→ **RAW DATA**

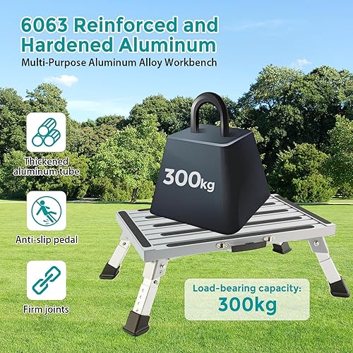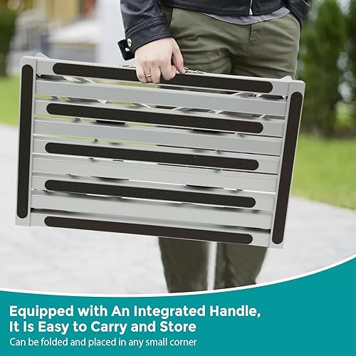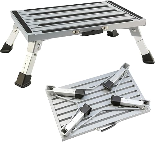 Marchepied pliable, hauteur réglable en aluminium, escabeau portable avec poignée et tapis antidérapant pour caravane, camping-car, SUV, camping, bus et maison avec film lumineux
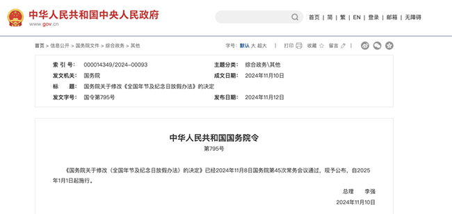 重磅消息来啦!国务院决定对《全国年节及纪念日放假办法》作出修改,2025年起,法定节假日增加2天!
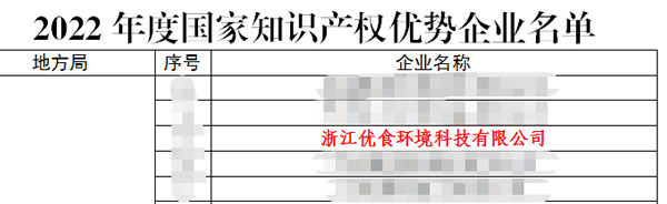 近日,國(guó)家知識(shí)產(chǎn)權(quán)局發(fā)布了《關(guān)于確定2022年新一批及通過(guò)復(fù)核的國(guó)家知識(shí)產(chǎn)權(quán)示范企業(yè)和優(yōu)勢(shì)企業(yè)的通知》通知,浙江優(yōu)食環(huán)境科技有限公司榮獲“2022年度國(guó)家知識(shí)產(chǎn)權(quán)優(yōu)勢(shì)企業(yè)”的稱號(hào)。
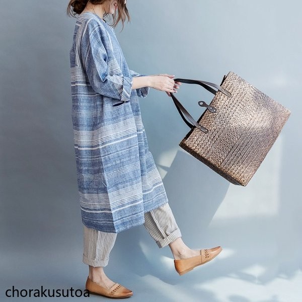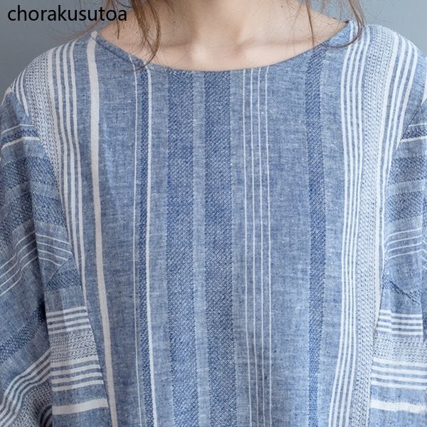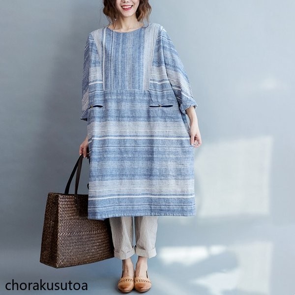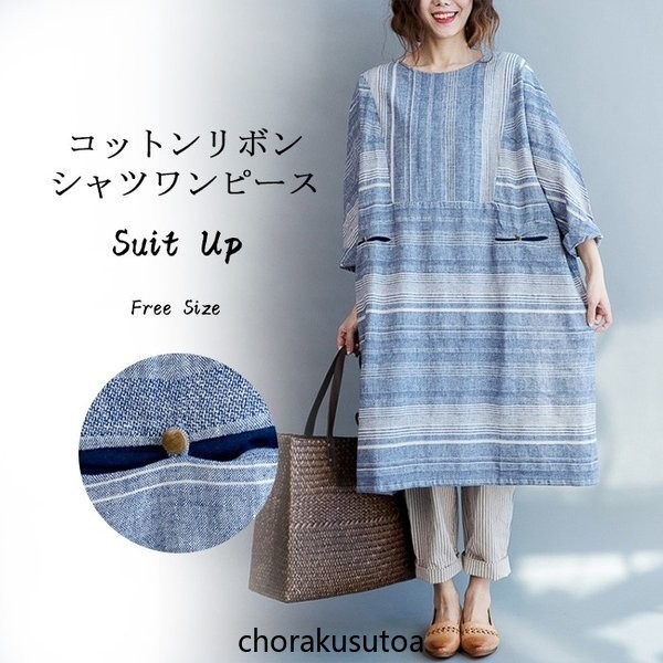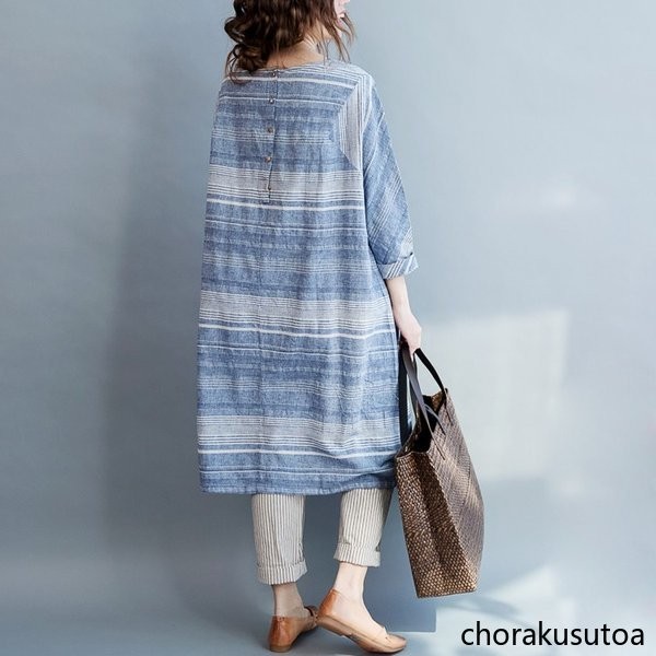 ワンピース レデイース ロング丈 七分袖 シャツワンピース ロングシャツ チュニック 綿麻混 ゆったり 体型カバー お洒落 春 春物 30代 40代 50代

→ **TASK DIRECTIONS**
Every line from the one containing "近日,國(guó)家知識(s" through the last line of the data, both included, is to be repeated exactly; the pictures are to be left out.

→ **OUTPUT BELOW**
 近日,國(guó)家知識(shí)產(chǎn)權(quán)局發(fā)布了《關(guān)于確定2022年新一批及通過(guò)復(fù)核的國(guó)家知識(shí)產(chǎn)權(quán)示范企業(yè)和優(yōu)勢(shì)企業(yè)的通知》通知,浙江優(yōu)食環(huán)境科技有限公司榮獲“2022年度國(guó)家知識(shí)產(chǎn)權(quán)優(yōu)勢(shì)企業(yè)”的稱號(hào)。
 ワンピース レデイース ロング丈 七分袖 シャツワンピース ロングシャツ チュニック 綿麻混 ゆったり 体型カバー お洒落 春 春物 30代 40代 50代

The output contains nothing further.